++++ Information shown

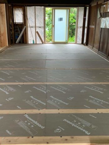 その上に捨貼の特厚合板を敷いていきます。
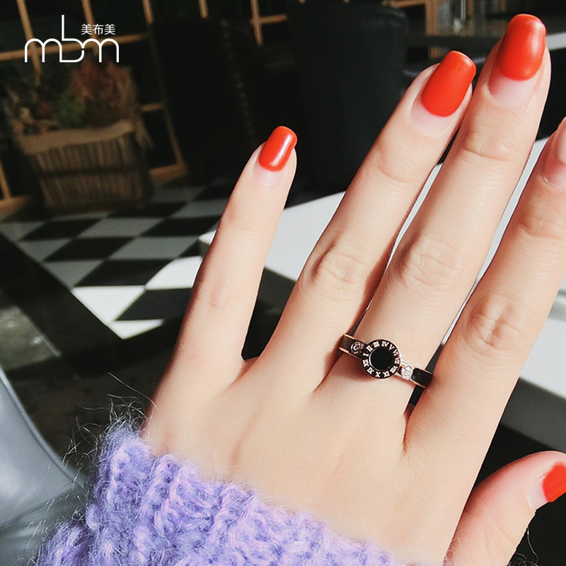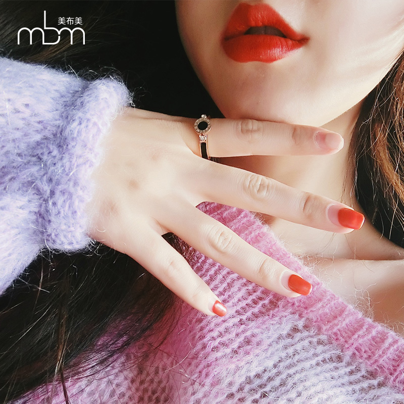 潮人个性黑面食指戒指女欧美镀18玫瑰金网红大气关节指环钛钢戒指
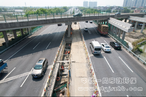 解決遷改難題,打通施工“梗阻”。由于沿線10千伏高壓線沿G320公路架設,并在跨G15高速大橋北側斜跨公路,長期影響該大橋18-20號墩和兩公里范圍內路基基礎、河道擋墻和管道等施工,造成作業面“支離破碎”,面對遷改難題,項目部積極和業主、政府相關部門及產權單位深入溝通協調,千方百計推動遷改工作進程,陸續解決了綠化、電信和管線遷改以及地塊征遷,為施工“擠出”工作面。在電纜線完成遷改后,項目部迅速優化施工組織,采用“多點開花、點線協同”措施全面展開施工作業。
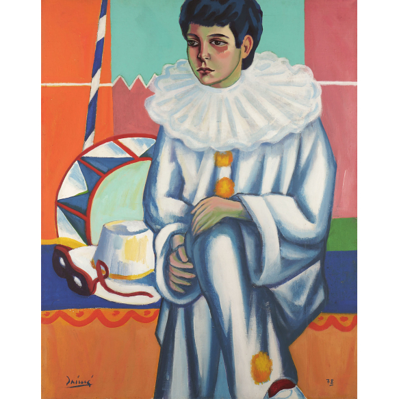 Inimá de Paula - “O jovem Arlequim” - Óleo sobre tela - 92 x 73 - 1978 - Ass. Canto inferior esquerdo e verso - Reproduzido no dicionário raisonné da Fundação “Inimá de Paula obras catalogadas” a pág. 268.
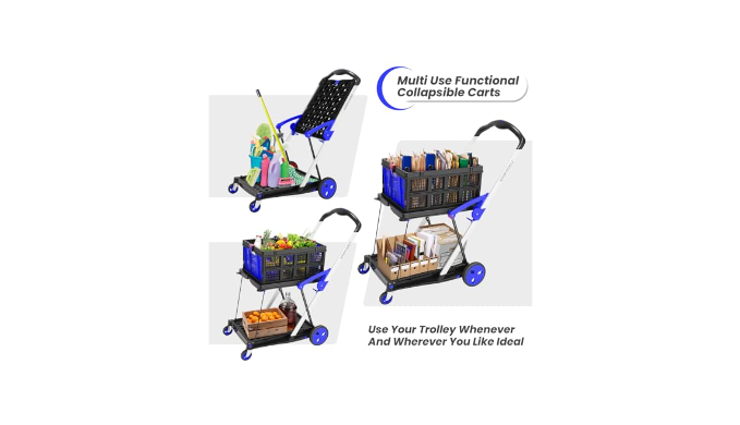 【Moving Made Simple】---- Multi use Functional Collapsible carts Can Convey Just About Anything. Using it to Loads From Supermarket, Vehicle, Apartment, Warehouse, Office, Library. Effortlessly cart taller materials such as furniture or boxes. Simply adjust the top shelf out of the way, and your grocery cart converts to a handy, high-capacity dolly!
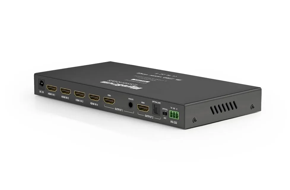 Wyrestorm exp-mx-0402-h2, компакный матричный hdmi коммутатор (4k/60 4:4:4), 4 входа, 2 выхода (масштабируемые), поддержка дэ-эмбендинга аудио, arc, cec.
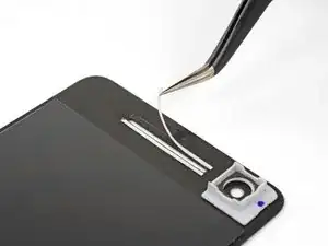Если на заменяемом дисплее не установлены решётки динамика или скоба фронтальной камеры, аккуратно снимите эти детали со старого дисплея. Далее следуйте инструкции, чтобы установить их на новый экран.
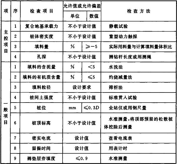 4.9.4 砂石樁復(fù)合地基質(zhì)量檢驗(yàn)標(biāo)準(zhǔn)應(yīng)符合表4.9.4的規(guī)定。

++++++++

* [Task objective]: In the listing above, find the line holding "a pág. 268." and the line holding "Если на заменяемом". Reproduce those two lines and all between them exactly, leaving out pictures.

* [Answer for this exercise]:
 Inimá de Paula - “O jovem Arlequim” - Óleo sobre tela - 92 x 73 - 1978 - Ass. Canto inferior esquerdo e verso - Reproduzido no dicionário raisonné da Fundação “Inimá de Paula obras catalogadas” a pág. 268.
 【Moving Made Simple】---- Multi use Functional Collapsible carts Can Convey Just About Anything. Using it to Loads From Supermarket, Vehicle, Apartment, Warehouse, Office, Library. Effortlessly cart taller materials such as furniture or boxes. Simply adjust the top shelf out of the way, and your grocery cart converts to a handy, high-capacity dolly!
 Wyrestorm exp-mx-0402-h2, компакный матричный hdmi коммутатор (4k/60 4:4:4), 4 входа, 2 выхода (масштабируемые), поддержка дэ-эмбендинга аудио, arc, cec.
Если на заменяемом дисплее не установлены решётки динамика или скоба фронтальной камеры, аккуратно снимите эти детали со старого дисплея. Далее следуйте инструкции, чтобы установить их на новый экран.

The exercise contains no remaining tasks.